[Opening Information section]

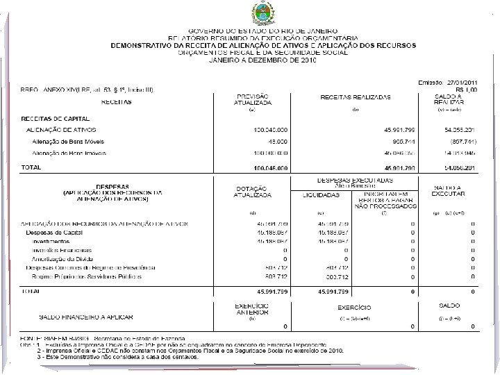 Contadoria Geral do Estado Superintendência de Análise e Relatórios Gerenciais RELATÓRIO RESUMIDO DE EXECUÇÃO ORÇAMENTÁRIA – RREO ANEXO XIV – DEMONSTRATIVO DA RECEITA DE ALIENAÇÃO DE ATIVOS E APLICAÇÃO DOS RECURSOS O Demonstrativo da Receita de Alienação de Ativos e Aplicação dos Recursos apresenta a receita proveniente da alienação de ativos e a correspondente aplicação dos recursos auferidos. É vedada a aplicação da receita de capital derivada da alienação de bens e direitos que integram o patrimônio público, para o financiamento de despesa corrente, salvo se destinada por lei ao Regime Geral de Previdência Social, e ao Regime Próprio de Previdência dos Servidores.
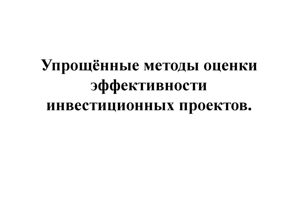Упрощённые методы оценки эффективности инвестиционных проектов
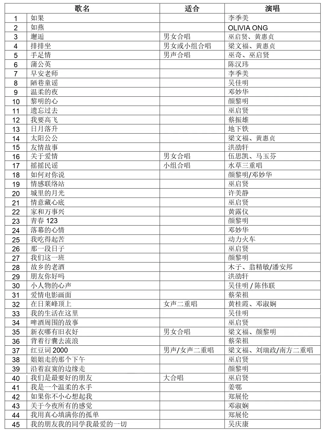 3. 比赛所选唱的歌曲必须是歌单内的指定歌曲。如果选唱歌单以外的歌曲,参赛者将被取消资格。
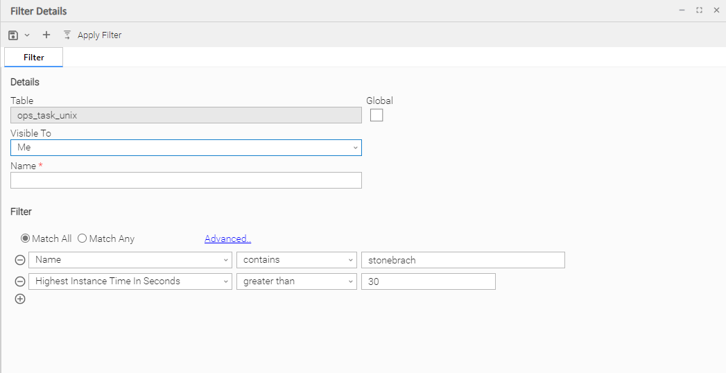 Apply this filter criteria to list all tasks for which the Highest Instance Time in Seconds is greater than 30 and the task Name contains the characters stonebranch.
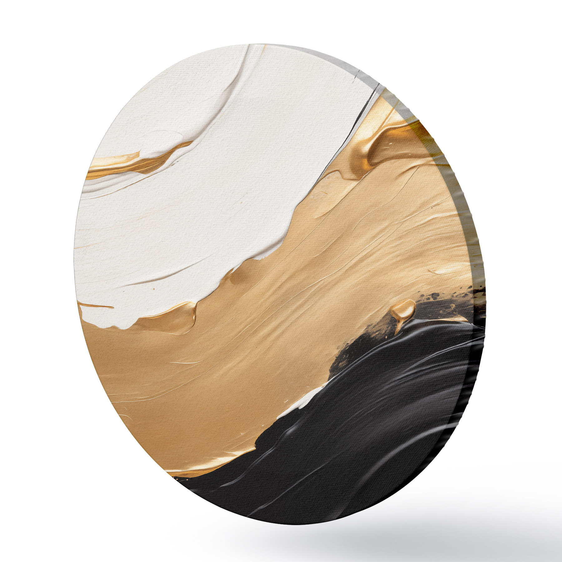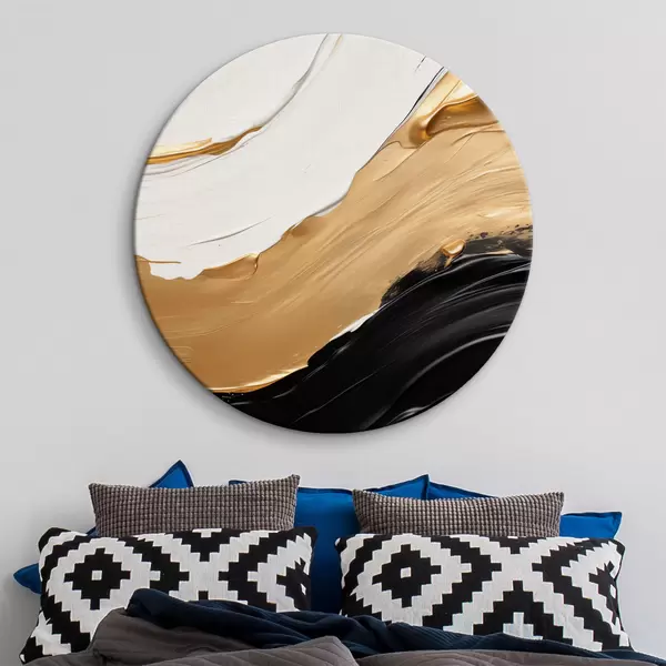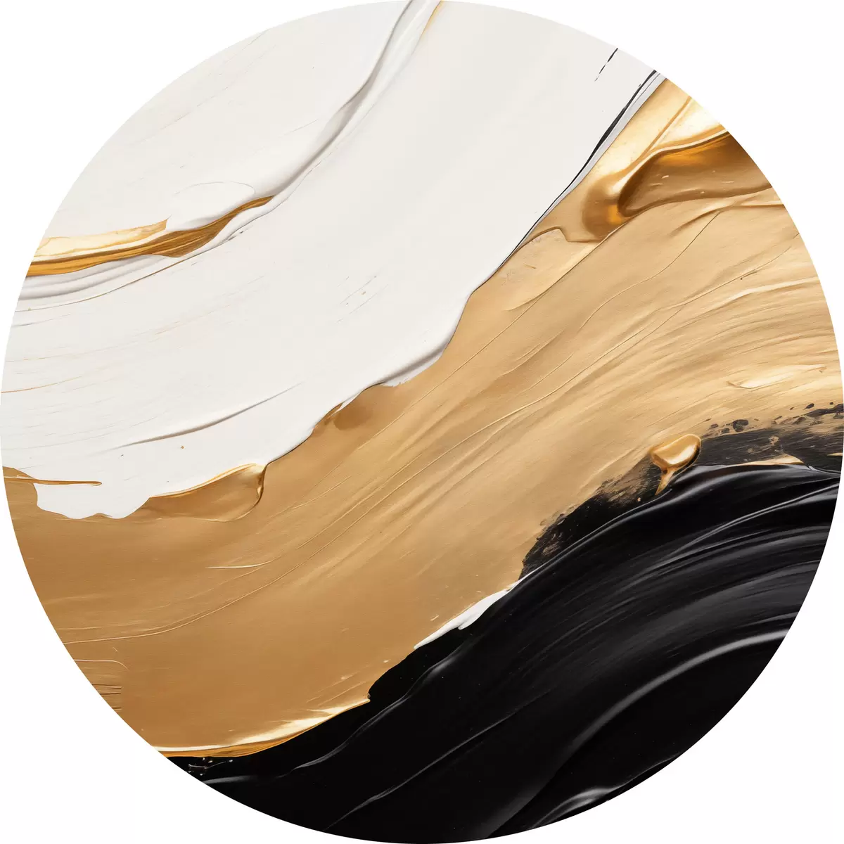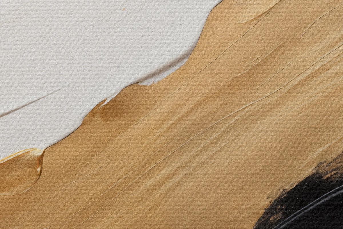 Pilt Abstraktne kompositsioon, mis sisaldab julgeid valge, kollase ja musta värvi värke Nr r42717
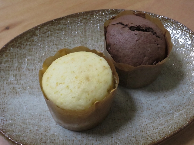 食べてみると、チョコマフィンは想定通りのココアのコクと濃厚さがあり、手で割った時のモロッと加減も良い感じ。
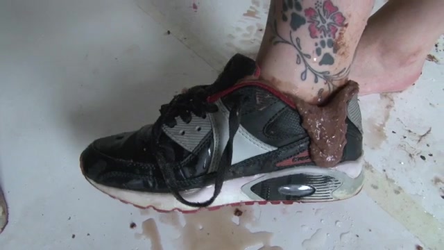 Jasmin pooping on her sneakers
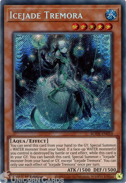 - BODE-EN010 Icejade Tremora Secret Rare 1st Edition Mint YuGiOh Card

[Closing Information section]

What to produce:
Pictures stay out; reproduce exactly the lines from the one containing "Упрощённые методы оценки" through the end of the data.

Exercise result:
Упрощённые методы оценки эффективности инвестиционных проектов
 3. 比赛所选唱的歌曲必须是歌单内的指定歌曲。如果选唱歌单以外的歌曲,参赛者将被取消资格。
 Apply this filter criteria to list all tasks for which the Highest Instance Time in Seconds is greater than 30 and the task Name contains the characters stonebranch.
 Pilt Abstraktne kompositsioon, mis sisaldab julgeid valge, kollase ja musta värvi värke Nr r42717
 食べてみると、チョコマフィンは想定通りのココアのコクと濃厚さがあり、手で割った時のモロッと加減も良い感じ。
 Jasmin pooping on her sneakers
 - BODE-EN010 Icejade Tremora Secret Rare 1st Edition Mint YuGiOh Card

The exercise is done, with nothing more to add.